Bayesian optimization (BO) selects evaluation points for expensive black-box objectives using Gaussian process (GP) predictive distributions. Kernel choice and hyperparameter selection can lead to miscalibrated predictive distributions and an inappropriate exploration-exploitation trade-off. For minimization, sampling criteria such as expected improvement (EI) depend on the predictive distribution below the current best value, so lower-tail miscalibration directly affects the sampling decision. This article studies goal-oriented calibration of GP predictive distributions below a low threshold $t$ in the noiseless setting, for standard GP models with hyperparameters selected by maximum likelihood. A framework for predictive reliability below $t$ is introduced, based on two notions of spatial calibration: occurrence calibration over the design space and thresholded $\mu$-calibration on sublevel sets of the form $\{x\in\mathbb{X}, f(x)\le t\}$. Building on this framework, we propose tcGP, a post-hoc method that calibrates GP predictive distributions below~$t$, and we show that the resulting EI-based global optimization algorithm remains dense in the design space. Experiments on standard benchmarks show improved lower-tail calibration and BO performance relative to standard GP models and globally calibrated GP models.

Editorial analysis

A structured set of objections, weighed in public.

Desk editor's note, referee report, simulated authors' rebuttal, and a circularity audit. Tearing a paper down is the easy half of reading it; the pith above is the substance, this is the friction.

Desk Editor's Note private letter to a colleague

This paper offers a goal-oriented lower-tail calibration for GPs in Bayesian optimization along with a density result for the EI optimizer, though the sequential update of the threshold t raises questions about the proof's applicability.

read the letter

Hi colleague, The punchline is that they have developed tcGP, a post-hoc calibration method for the lower tail of GP predictions below a threshold t, tailored for improving expected improvement in BO. They also show that the resulting optimization procedure remains dense in the design space. What the paper does well is define a spatial calibration framework with occurrence calibration and thresholded mu-calibration on sublevel sets. This is a specific extension for the BO context rather than a generic fix. The experiments demonstrate gains in lower-tail accuracy and overall optimization performance over standard and globally calibrated GPs on benchmarks. Credit to them for focusing on the part of the predictive distribution that actually drives the sampling decisions in minimization. The soft spots are around the theoretical side and the post-hoc nature. The density claim is interesting, but the stress-test concern holds some weight: since t updates to the new incumbent after each evaluation, the calibrated region changes. The abstract says they show the EI-based algorithm remains dense, but without seeing if the argument explicitly handles these data-dependent shifts or just assumes fixed t, it's hard to be fully convinced. Also, applying calibration after MLE on the same data might create some dependence, even if mild. This is for people in the GP and BO community who want to tweak predictive reliability for better exploration. A reader looking for practical improvements with some theory would get value. It deserves a serious referee because the idea is targeted and the experiments back it up, even if more work is needed on the dynamic aspects. I recommend putting it through peer review.

Referee Report

2 major / 2 minor

Summary. The paper proposes tcGP, a post-hoc goal-oriented calibration method for the lower tail of Gaussian process predictive distributions below a threshold t in the noiseless setting. It introduces a spatial calibration framework with occurrence calibration and thresholded μ-calibration on sublevel sets, shows that the resulting EI-based global optimization algorithm remains dense in the design space, and reports experimental improvements in lower-tail calibration and BO performance over standard GPs and globally calibrated models.

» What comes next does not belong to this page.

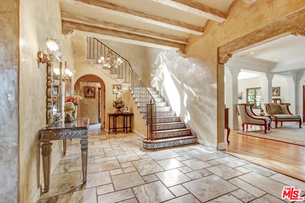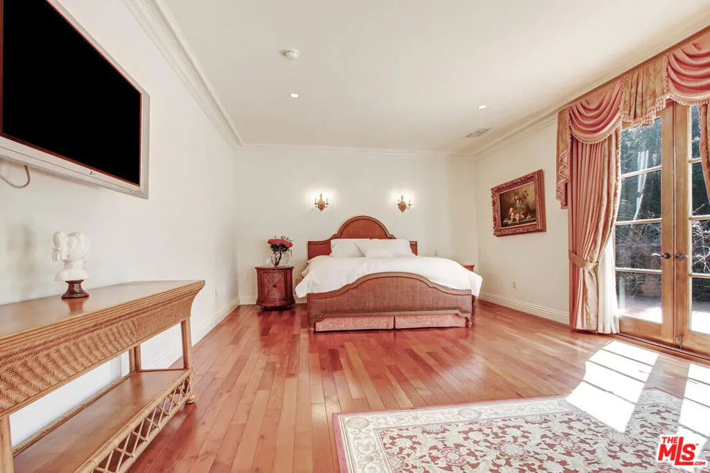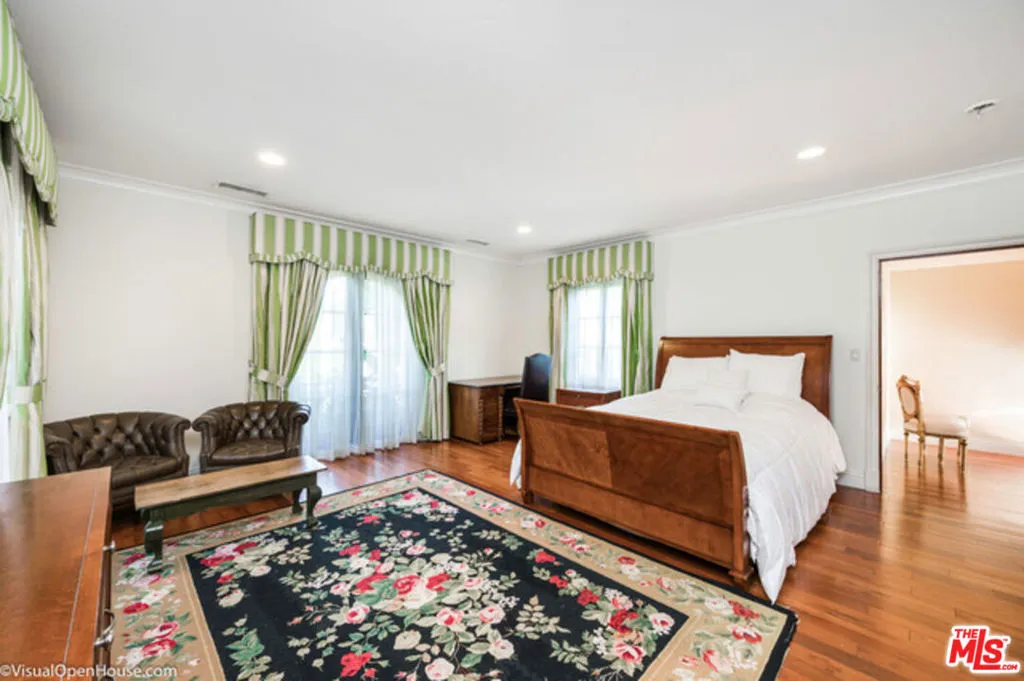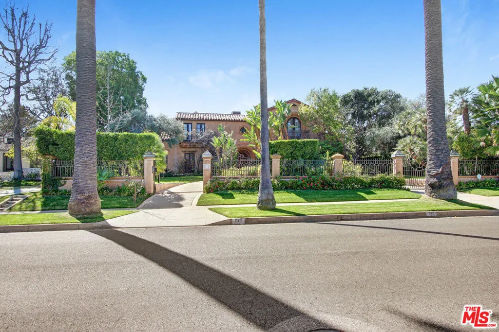 Available A Private Oasis, reimagined in 2007 . This gated, Sun filled Beverly Hills compound is gracefully sited on the corner lot (almost half an acre), hidden behind elegant wrought -iron estate fencing. Masterfully designed landscaping throughout the property feature mature flowering trees and hedges with evergreen foliage that create a lush and exotic privacy. Formerly Shirley Temple's childhood home, this sophisticated villa is comprised of 2 houses. The main house (apx 8,900 sqft) offers 5 bed suites and 8.5 baths. Seamlessly flowing floor plan combines indoor and outdoor spaces, making it the perfect environment for entertaining and lounging. The basement features a bowling alley and is perfect space for games and Billiard. Privately tucked away guest-house built 2014, is completely secluded with its own entrance, driveway and parking for 4. It boasts apx 1,500 sqft with 3 Bedrooms & 2.5 Bath, full kitchen and a living room. Unforgettable home that provides luxury, tranquility and complete privacy.

Significance. If the density result holds under sequential updates, the work provides a theoretically supported way to address lower-tail miscalibration in GP-based BO without altering the core model or MLE fitting. The experimental gains on benchmarks suggest practical value for improving exploration-exploitation balance in minimization tasks. The contribution is strengthened by the explicit density claim but tempered by reliance on post-hoc adjustment preserving key properties.

major comments (2)

[Theoretical results on density (likely §4 or §5)] The central density claim for the EI-based optimizer under tcGP (stated in the abstract and presumably proved in the theoretical section) relies on properties of the calibrated predictive distribution. However, the skeptic note indicates that the argument may assume fixed t, while sequential BO updates t to the current incumbent after each observation, dynamically redefining the calibrated sublevel sets. Please specify the section containing the density proof and clarify whether the continuity, strict positivity away from observed points, and uniform continuity arguments are re-verified after each such data-dependent update, or if an extension is provided.
[Framework and tcGP definition (likely §3)] Abstract and introduction claim that tcGP is applied to standard GP models with MLE hyperparameters without introducing inconsistencies that invalidate the density property. However, since calibration parameters are fit post-hoc (potentially to the same data), it is unclear how this preserves the required predictive properties for the density argument. Cite the specific result or lemma that shows the calibrated mean/variance functions remain sufficiently regular for the EI acquisition to satisfy the conditions for density in the design space.

minor comments (2)

[Abstract and §1] The abstract mentions 'noiseless setting' but does not clarify if the framework or experiments extend to noisy observations; if the paper restricts to noiseless, this should be stated more prominently in the introduction.
[Notation section] Notation for the threshold t and sublevel sets {x : f(x) ≤ t} is introduced but could be made more consistent when t is updated to the incumbent value; consider adding a remark on the time-dependence.

Simulated Author's Rebuttal

2 responses · 0 unresolved

We thank the referee for the careful reading and insightful comments on the theoretical foundations of tcGP. We address each major comment below with clarifications drawn directly from the manuscript and commit to revisions that improve the presentation without altering the core claims.

read point-by-point responses

Referee: [Theoretical results on density (likely §4 or §5)] The central density claim for the EI-based optimizer under tcGP (stated in the abstract and presumably proved in the theoretical section) relies on properties of the calibrated predictive distribution. However, the skeptic note indicates that the argument may assume fixed t, while sequential BO updates t to the current incumbent after each observation, dynamically redefining the calibrated sublevel sets. Please specify the section containing the density proof and clarify whether the continuity, strict positivity away from observed points, and uniform continuity arguments are re-verified after each such data-dependent update, or if an extension is provided.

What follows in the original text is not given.